#### [Brief]
Only one span of the material below is wanted. Output it exactly, from the line with "В Азии уже весной" through the line with "I love these", without any pictures.

#### [Entries provided]
^^^^^^^^
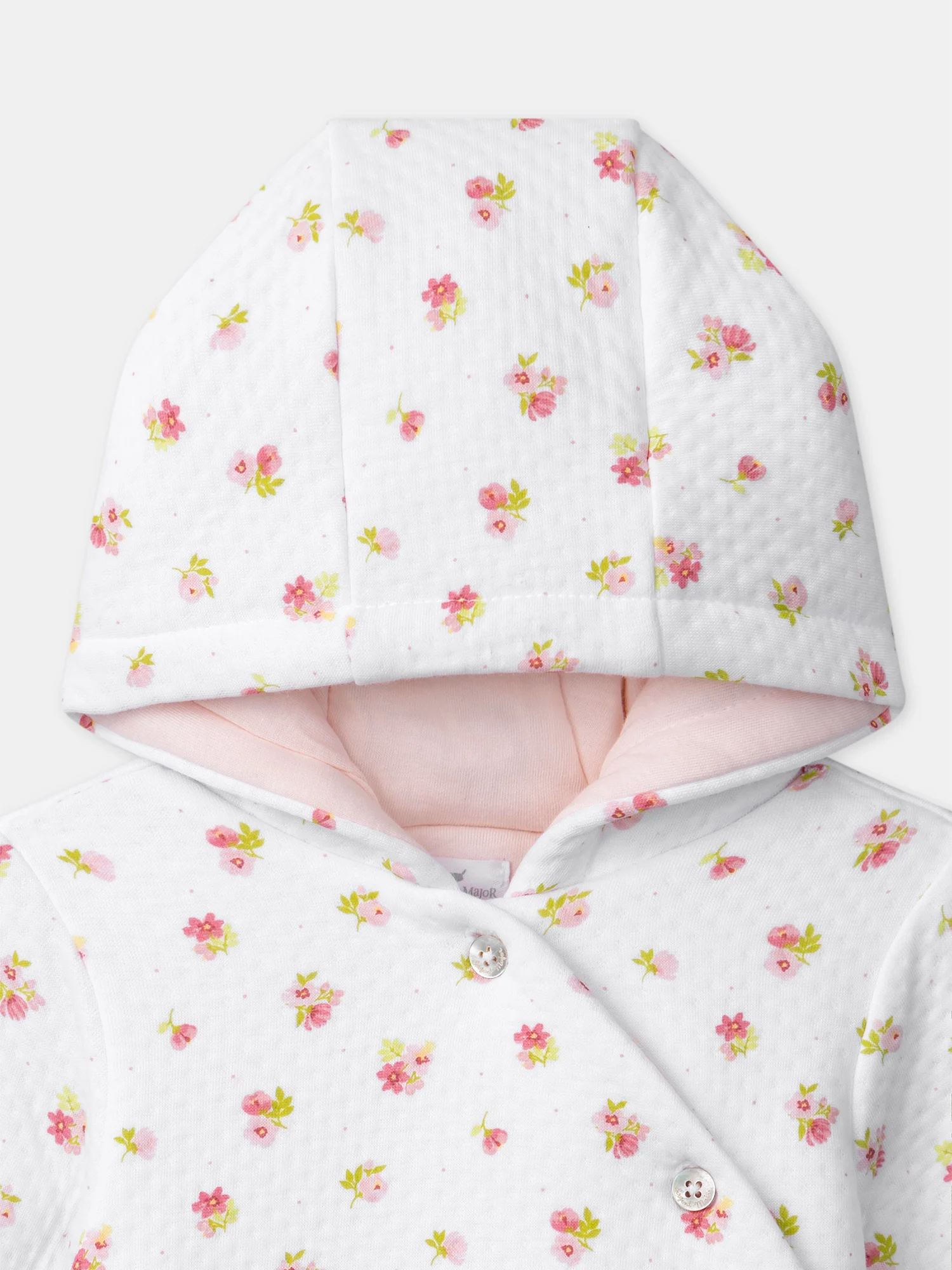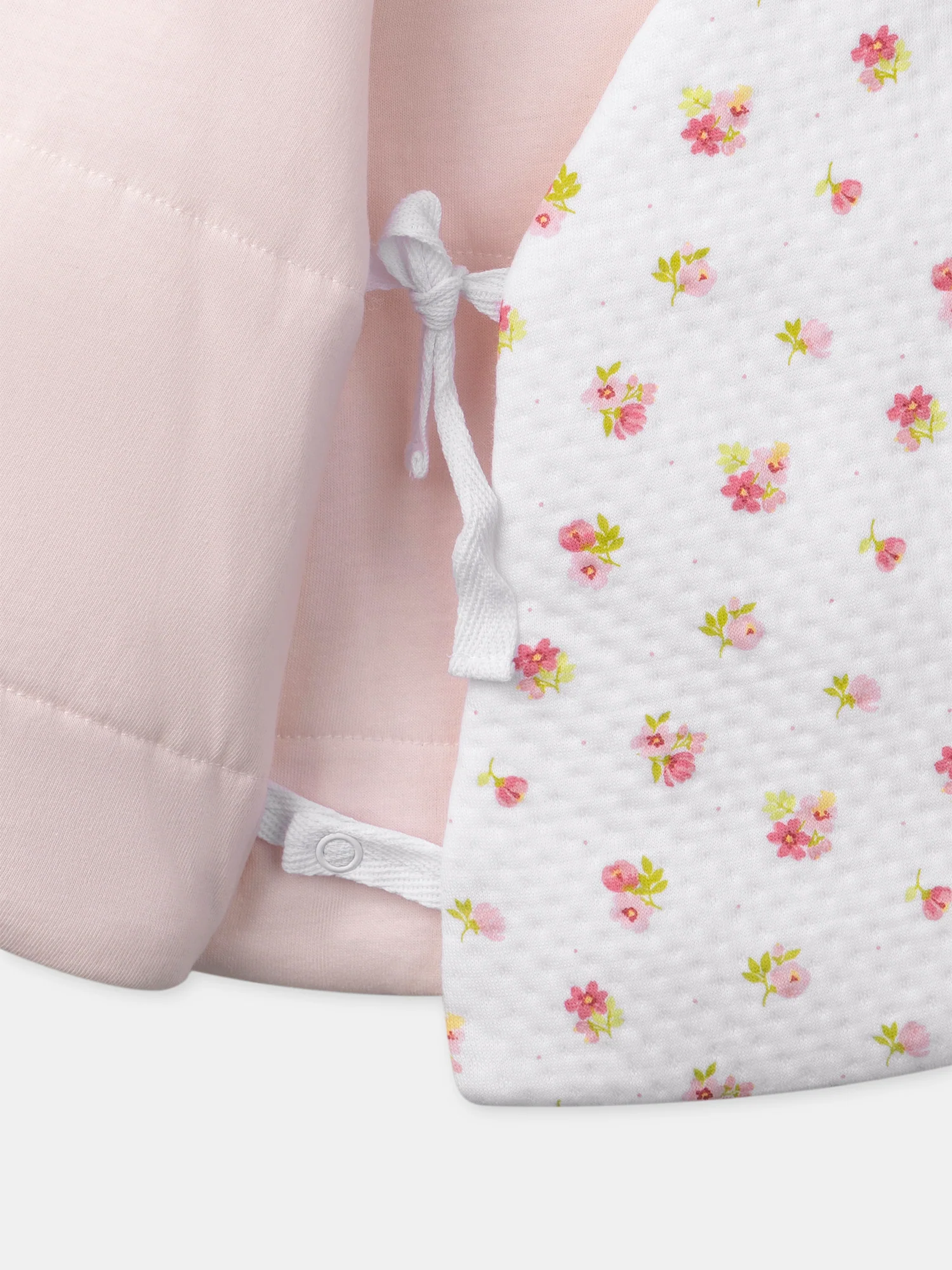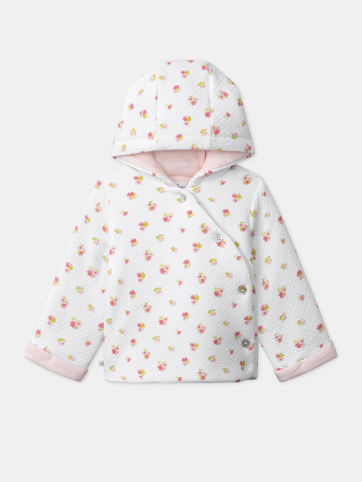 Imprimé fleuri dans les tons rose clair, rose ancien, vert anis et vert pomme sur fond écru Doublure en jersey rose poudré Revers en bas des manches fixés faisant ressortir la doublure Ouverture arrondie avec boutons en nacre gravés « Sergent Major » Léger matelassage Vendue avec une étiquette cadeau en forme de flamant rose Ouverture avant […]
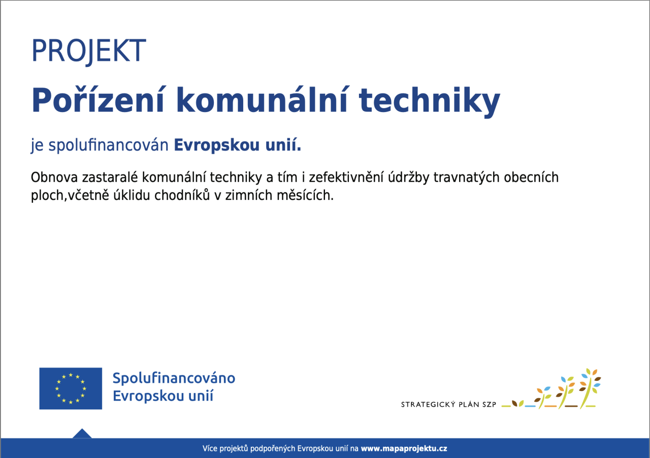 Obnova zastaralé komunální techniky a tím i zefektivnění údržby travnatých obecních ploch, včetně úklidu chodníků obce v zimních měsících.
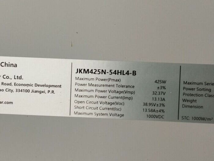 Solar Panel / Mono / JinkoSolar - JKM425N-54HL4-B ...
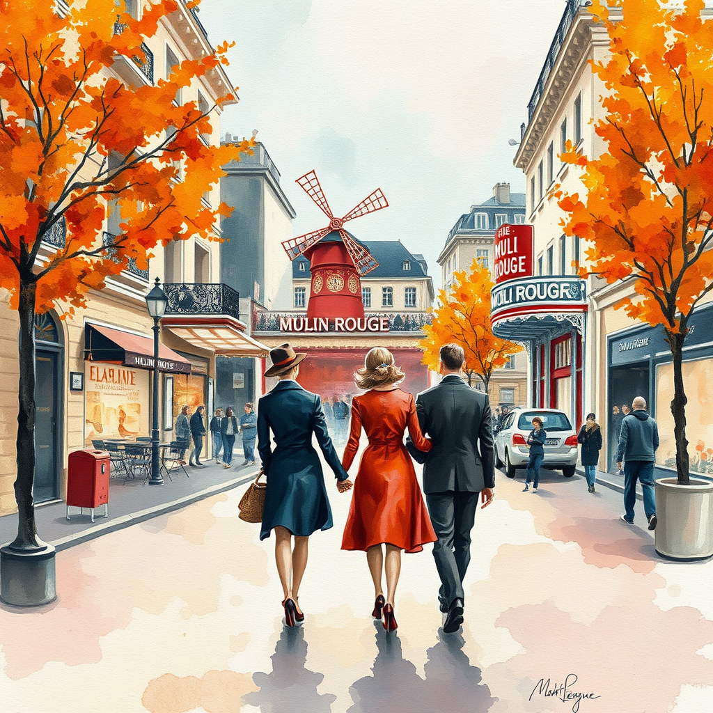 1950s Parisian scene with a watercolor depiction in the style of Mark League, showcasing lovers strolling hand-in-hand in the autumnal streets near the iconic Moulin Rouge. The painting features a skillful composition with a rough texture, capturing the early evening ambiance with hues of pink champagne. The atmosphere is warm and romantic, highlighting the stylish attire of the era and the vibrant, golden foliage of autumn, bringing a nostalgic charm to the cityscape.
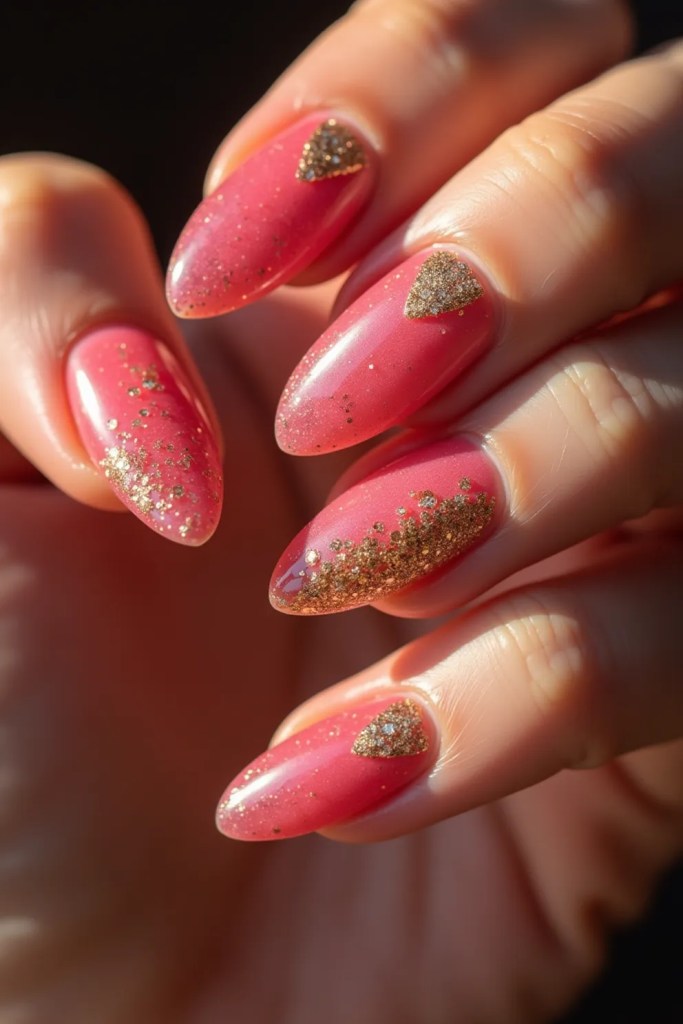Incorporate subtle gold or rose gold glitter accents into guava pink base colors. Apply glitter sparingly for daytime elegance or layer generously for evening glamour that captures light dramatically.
^^^^^^^^
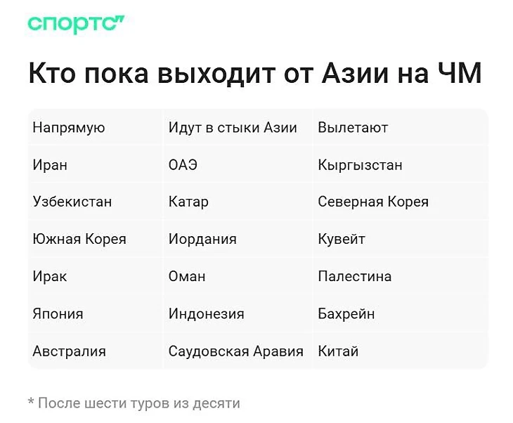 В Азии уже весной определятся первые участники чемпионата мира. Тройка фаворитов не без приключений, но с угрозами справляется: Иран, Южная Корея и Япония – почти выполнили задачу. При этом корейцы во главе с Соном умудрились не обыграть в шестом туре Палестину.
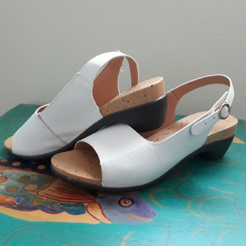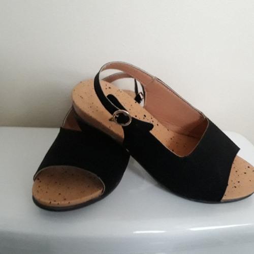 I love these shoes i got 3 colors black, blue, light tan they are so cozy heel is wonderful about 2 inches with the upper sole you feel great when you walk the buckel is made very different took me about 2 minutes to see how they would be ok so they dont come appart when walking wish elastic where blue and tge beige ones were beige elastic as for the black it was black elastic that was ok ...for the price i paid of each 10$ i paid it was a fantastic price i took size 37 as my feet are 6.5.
^^^^^^^^
#### [Solution to this task]
 В Азии уже весной определятся первые участники чемпионата мира. Тройка фаворитов не без приключений, но с угрозами справляется: Иран, Южная Корея и Япония – почти выполнили задачу. При этом корейцы во главе с Соном умудрились не обыграть в шестом туре Палестину.
 I love these shoes i got 3 colors black, blue, light tan they are so cozy heel is wonderful about 2 inches with the upper sole you feel great when you walk the buckel is made very different took me about 2 minutes to see how they would be ok so they dont come appart when walking wish elastic where blue and tge beige ones were beige elastic as for the black it was black elastic that was ok ...for the price i paid of each 10$ i paid it was a fantastic price i took size 37 as my feet are 6.5.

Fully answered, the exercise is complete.